It took the strength and wits of two boats and 10 fisheries employees, but the whale carcass that was stuck behind rocks at Port Mahon was towed to a remote location Tuesday.
After letting the carcass sit at Port Mahon for nearly two weeks, Delaware Department of Natural Resources and Environmental Control officials tied a tow strap to the whale’s tail at low tide. By high tide, they brought two boats in. They hooked a rope up to a winch to pull the carcass off the rocks and hauled it into the bay.
“It was gonna smell all summer,” said Rob Hossler, a wildlife administrator with the Division of Fish & Wildlife.
The whale, which the Marine Education Research and Rehabilitation Institute estimated to be 25 to 30 feet long and 1,500 pounds per foot (weighing more than 17 tons total), had been decomposing at the port since the end of April. Hossler said officials worried about the smell that would linger at the port if they didn’t remove the whale and what would happen if they pulled on the whale too hard and the carcass came apart in the rocks.

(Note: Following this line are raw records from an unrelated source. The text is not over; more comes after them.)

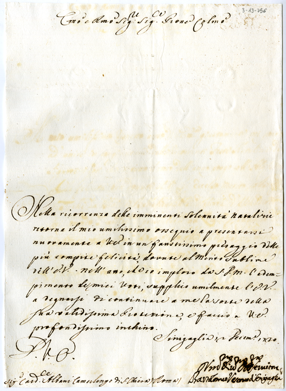 Lettera di Bartolomeo vescovo di Senigallia al cardinale Annibale Albani (1730 dicembre 12)
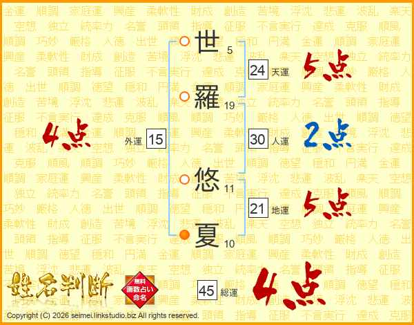 世(5画)羅(19画) 悠(11画)夏(10画)
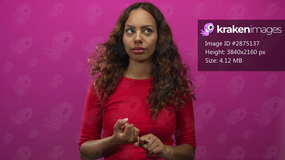 Young african american woman counting on fingers with hands visible in a magenta studio setting, curly hair framing face and red shirt; contemplation.
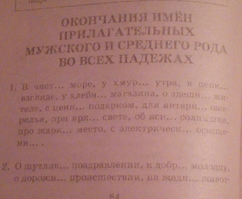 Окончания имен прилагательных мужского и средного рода во всех . упр 1. Пожалуйста ответ
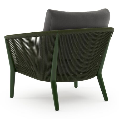 Orso loungestoel in groen aluminium en groen verticaal geweven ronde rope met Natte Charcoal Chine all weather sunbrella® luxe kussen | Exterioo
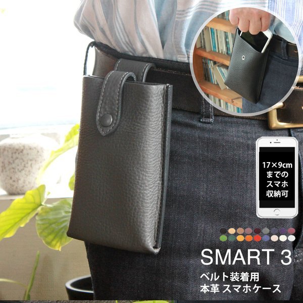 スマホポーチ メンズ 本革 スマホバッグ smart3 ベルトに装着可 本革 日本製 職人手作り 牛革 スマホケース
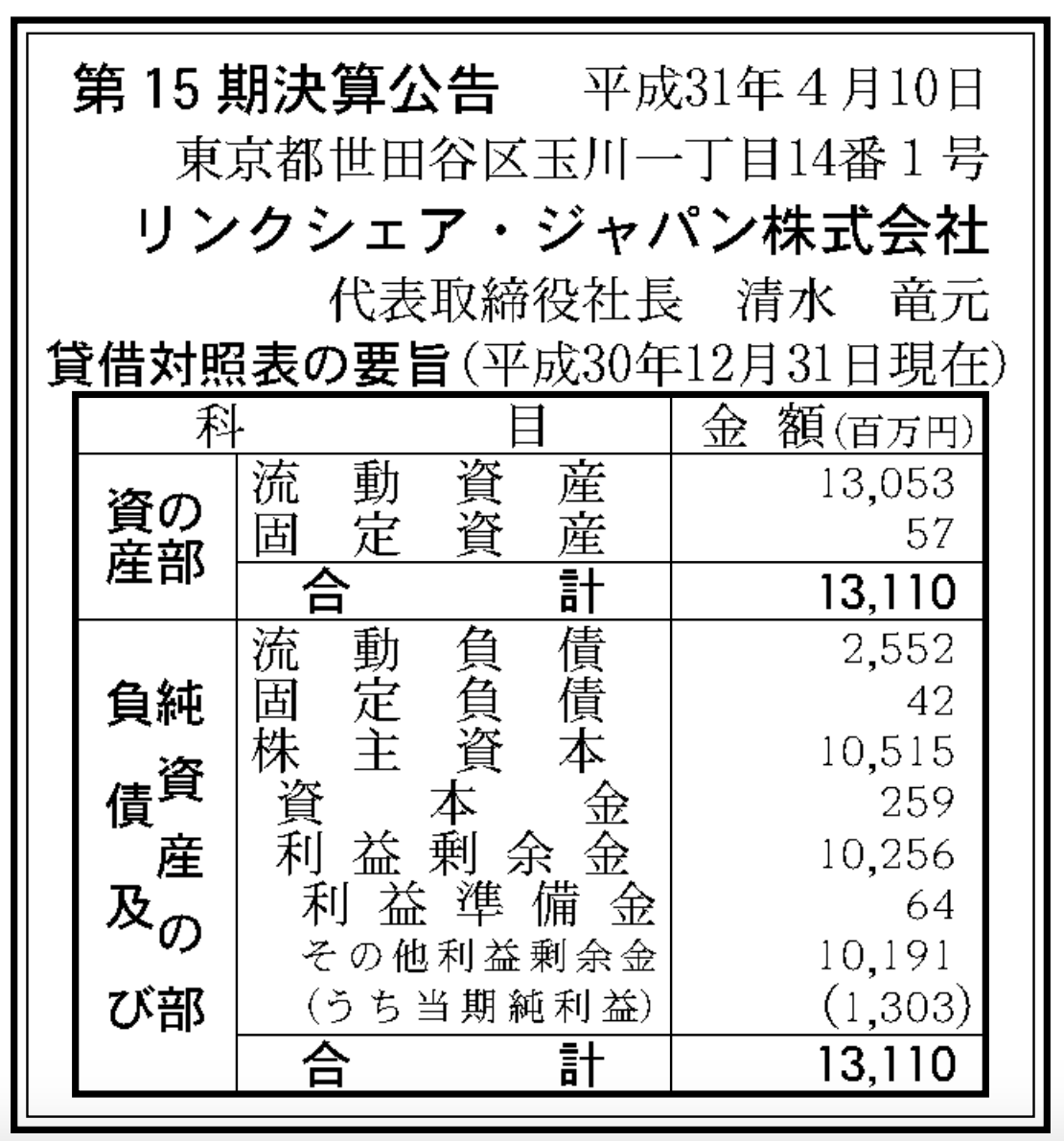 < 楽天西友ネットスーパーマーケティング 決算公告(第1期)
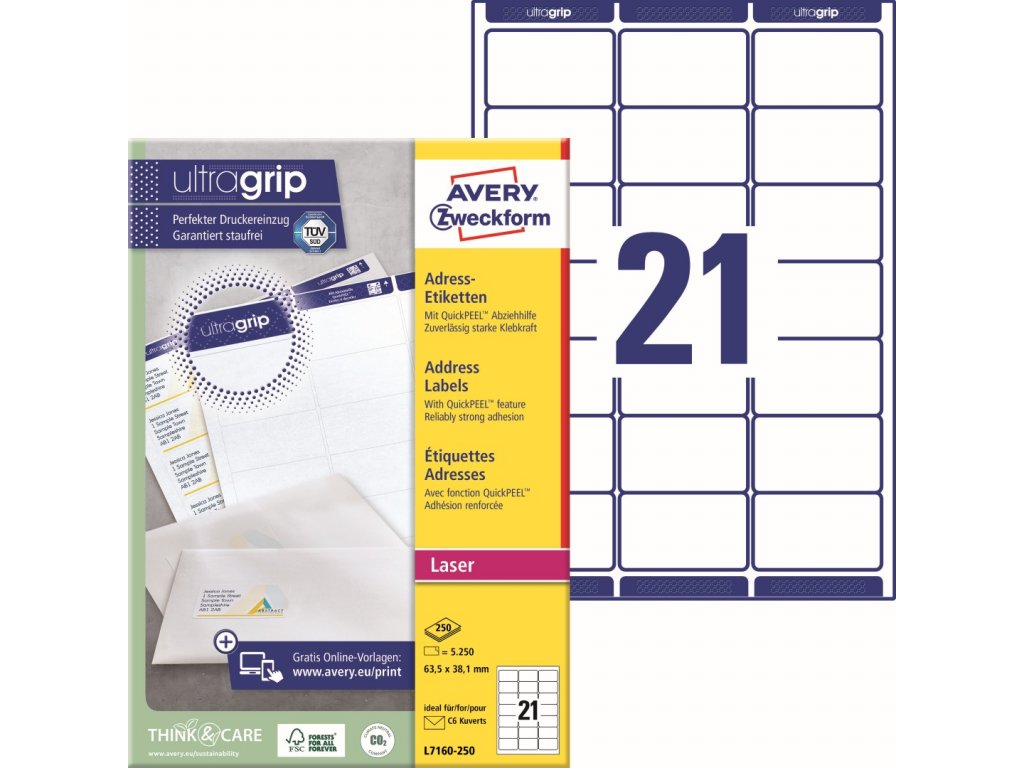Samolepicí adresní štítky Avery Zweckform L7160-250 o rozměru 63,5 x 38,1 mm jsou ideální pro profesionální a rychlý tisk zpátečních adres či firemních údajů. Skvěle se hodí na všechny typy obálek, balíků a zásilek, ale i pro univerzální použití ve výrobě, obchodě i kanceláři. Tyto bílé extra silné papírové etikety s permanentním lepidlem mají vysokou a stálou lepivost na běžných površích jako je papír, karton, sklo nebo plast.
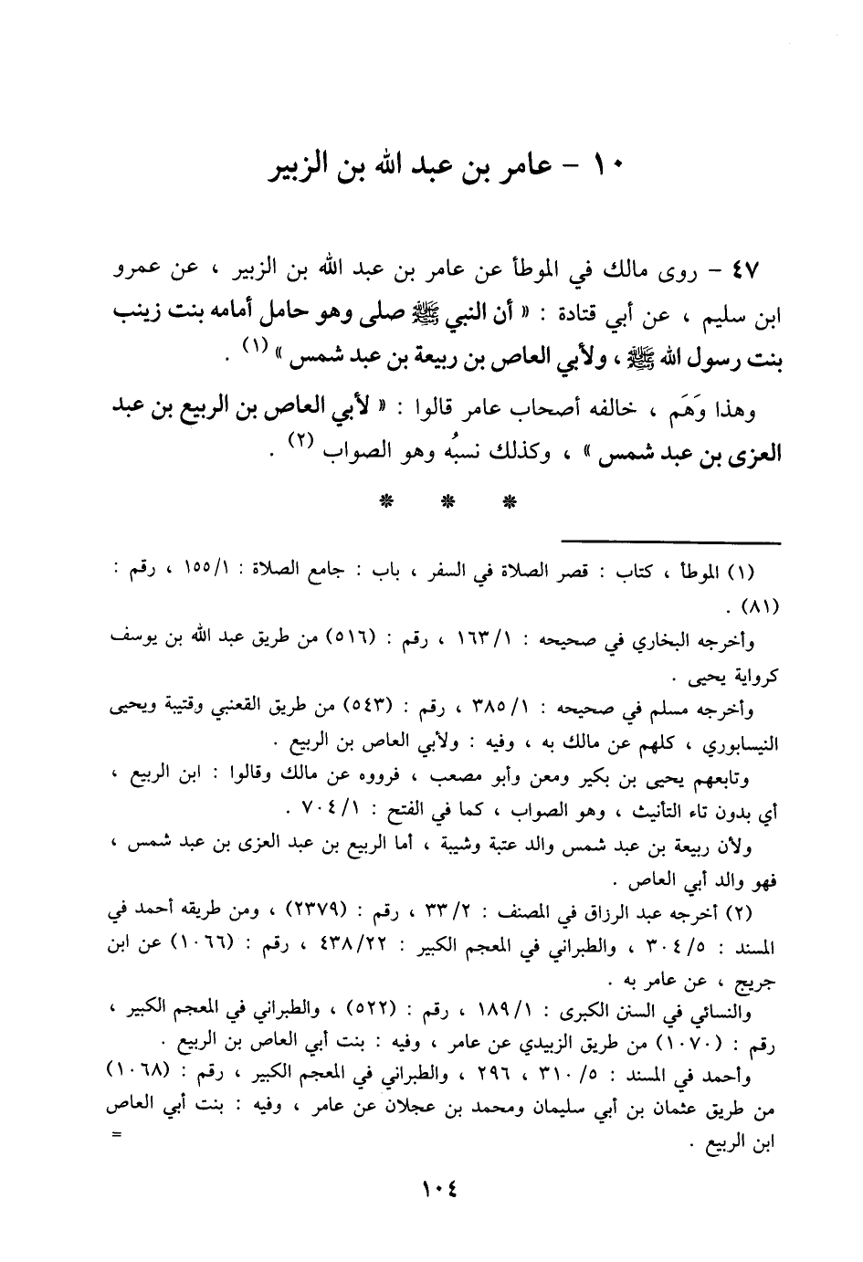 47 - رَوَى مَالِكٌ فِي الْمُوَطَّإِ عَنْ عَامِرِ بْنِ عَبْدِ الله بن الزبير عَن عَمْرو ابْن سُلَيْمٍ عَنْ أَبِي قَتَادَةَ (أَنَّ النَّبِيَّ صَلَّى اللَّهُ عَلَيْهِ وَسَلَّمَ صَلَّى وَهُوَ حَامِلٌ أُمَامَةَ بنت زَيْنَب بِنْتِ رَسُولِ اللَّهِ صَلَّى اللَّهُ عَلَيْهِ وَسَلَّمَ وَلأَبِي الْعَاصِ بْنِ رَبِيعَةَ بْنِ عَبْدِ شَمْسٍ)
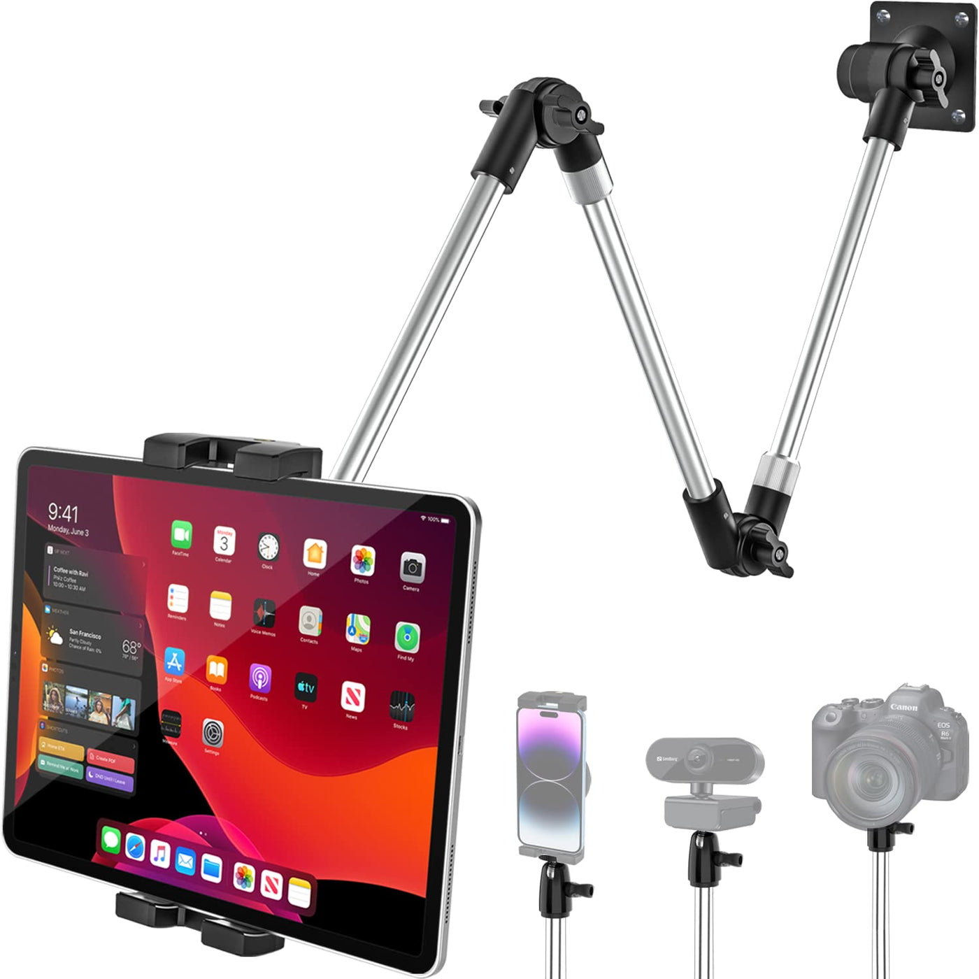Woleyi Adjustable Tablet Wall Mount Holder 35 Inch Foldable Arm Phone Ipad Mount For Wall, Webcam Stand Camera Mount, Fit For
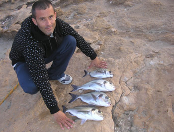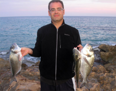 Adjunto te envío las fotos de nuestra última cosecha. Son 3 doradas casi idénticas de entre 1,300 y 1,400 kg y un sargo de 780 gramos. Tuvimos un día perfecto en lo climatológico y por suerte también en cuanto a resultados. La primera dorada cayó a las 10 y media, la segunda cerca de la 1 del mediodia, el sargo sobre las 5 y media de la tarde y la última dorada al recoger a las 6 y media cuando ya se estaba metiendo el sol.
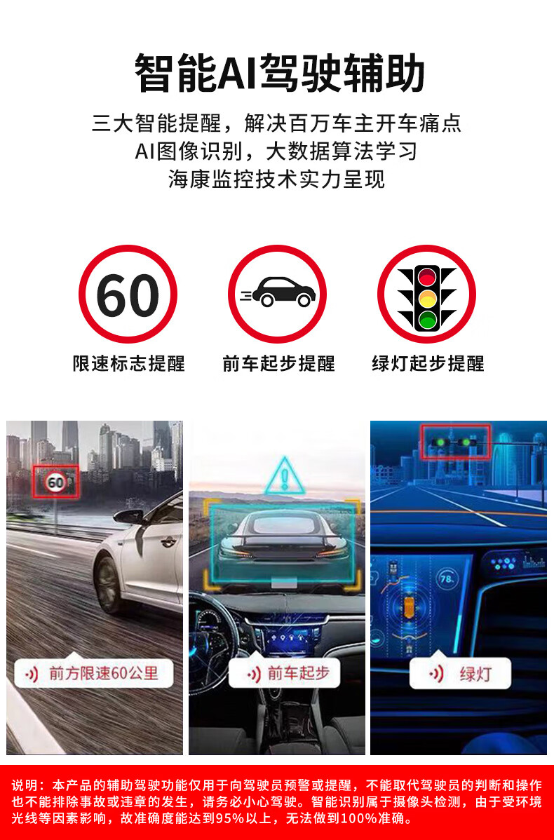 智能提醒(限速提醒、绿灯提醒、前车起步提醒)
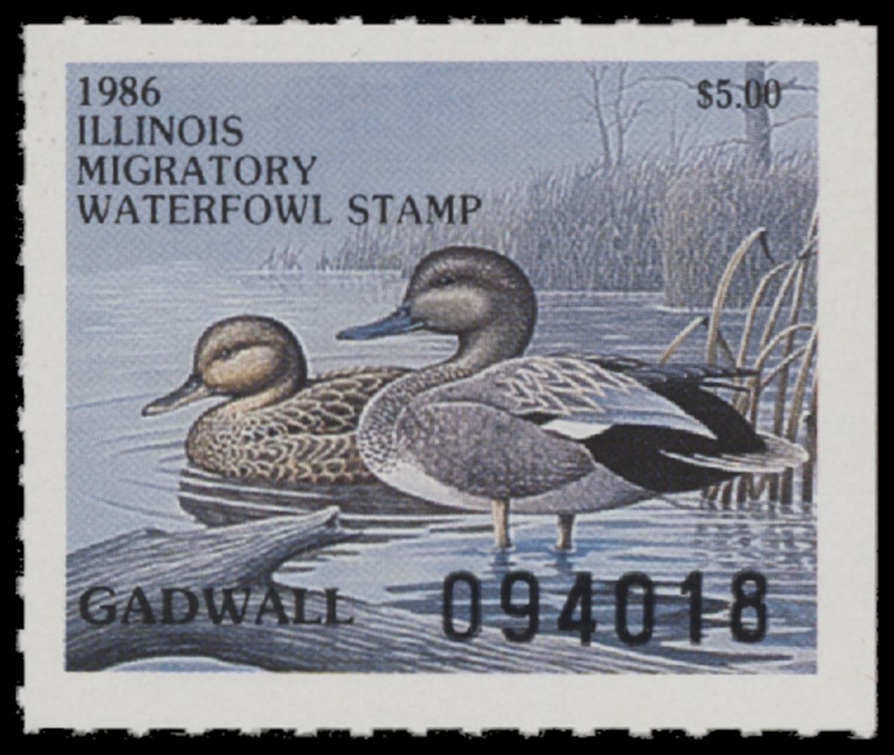 IL12 1986 State Duck Stamp. Mint Never Hinged. Very Fine. Gadwalls by Arthur Sinden.
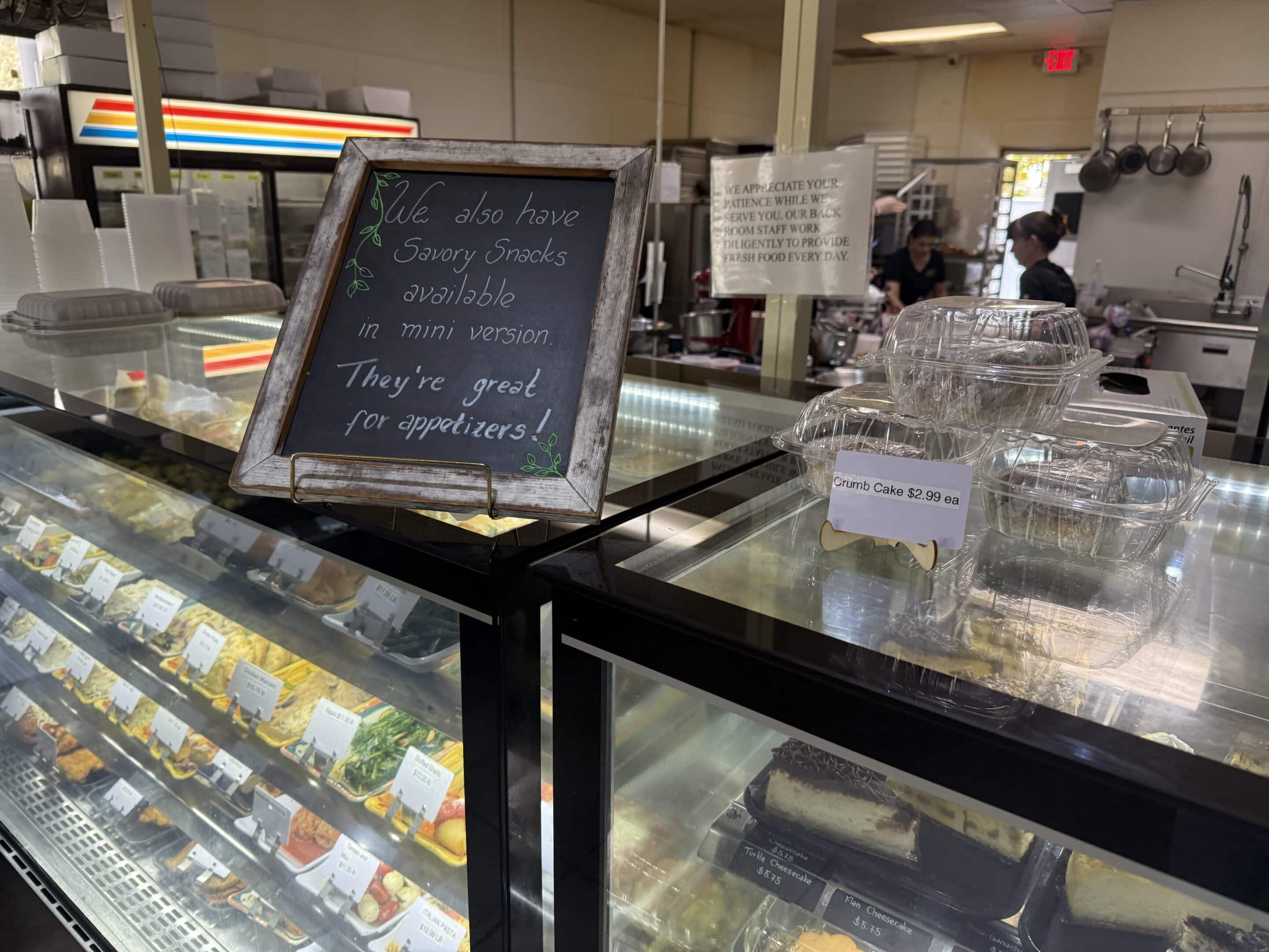 The prepared food case is filled daily with options such as:
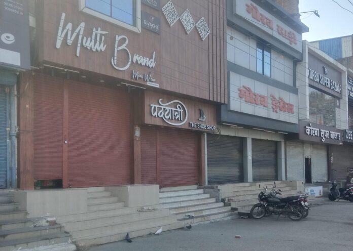कोरबा@M4S:प्रदेश में हाल ही में कांकेर सहित कुछ ग्रामीण क्षेत्रों में उत्पन्न तनाव, विभिन्न समुदायों के बीच बढ़ती गलतफहमियों, हिंसक घटनाओं तथा प्रशासन और सरकार की कथित अकर्मण्यता व उदासीनता के विरोध में सर्व समाज छत्तीसगढ़ ने बुधवार को प्रदेशव्यापी छत्तीसगढ़ बंद का आह्वान किया था। इस बंद को चैंबर ऑफ कॉमर्स का समर्थन मिला। प्रदेश बंद का ऊर्जाधानी में व्यापक असर देखने को मिला। अधिकांश दुकानें बंद रही।
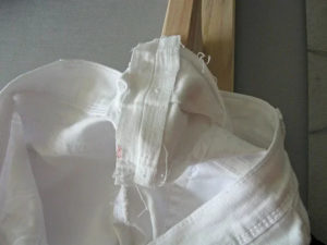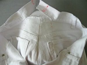 Първото нещо, което трябва да направите, е да „разтворите“ нещото възможно най-внимателно с острие или специален рипер. За да направите това, коланът се съблича отзад, след това шевовете на седалката и шевовете на стъпалото, достигайки линията на бедрата. Следващата стъпка е да почистите нишките по краищата и да изгладите продукта.
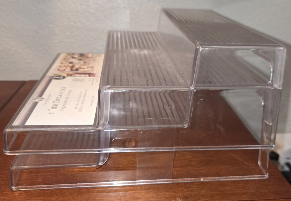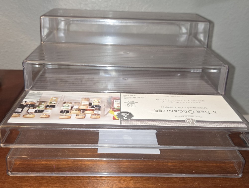 Huntington Home, 3 Tier Organizer, 2 pack, New, Never Used, Clear Plastic, Non slip traction stripes as shown in picture.

“It wasn’t in the best shape when it came ashore, it had obviously been out at sea for a while,” Hossler said. “We weren’t sure, when we started pulling on it, what would happen, but it was obviously enough intact and buoyant enough that it came right out pretty easily.”
The whale is now in an “isolated wildlife area.” Hossler said he wouldn’t provide more detail on the whale’s location because he wants the carcass to decompose without human interference.
Bad weather and wind early last week delayed efforts to study and remove the whale, but Suzanne Thurman, the executive director of the MERR Institute, confirmed late last week it was a humpback whale.
“It [had] one flipper remaining that has the solid of edge of a humpback whale,” Thurman said.
It also had lumpy growths on its rostrum, a sure sign of the species, she said.
The whale is Delaware's fourth humpback whale death in over a year and the 42nd humpback whale death from January 2016 to the present from Maine to North Carolina.
It was confirmed a humpback whale just hours after the National Oceanic and Atmospheric Administration announced a need to investigate the reason behind 41 humpback whale deaths in the region.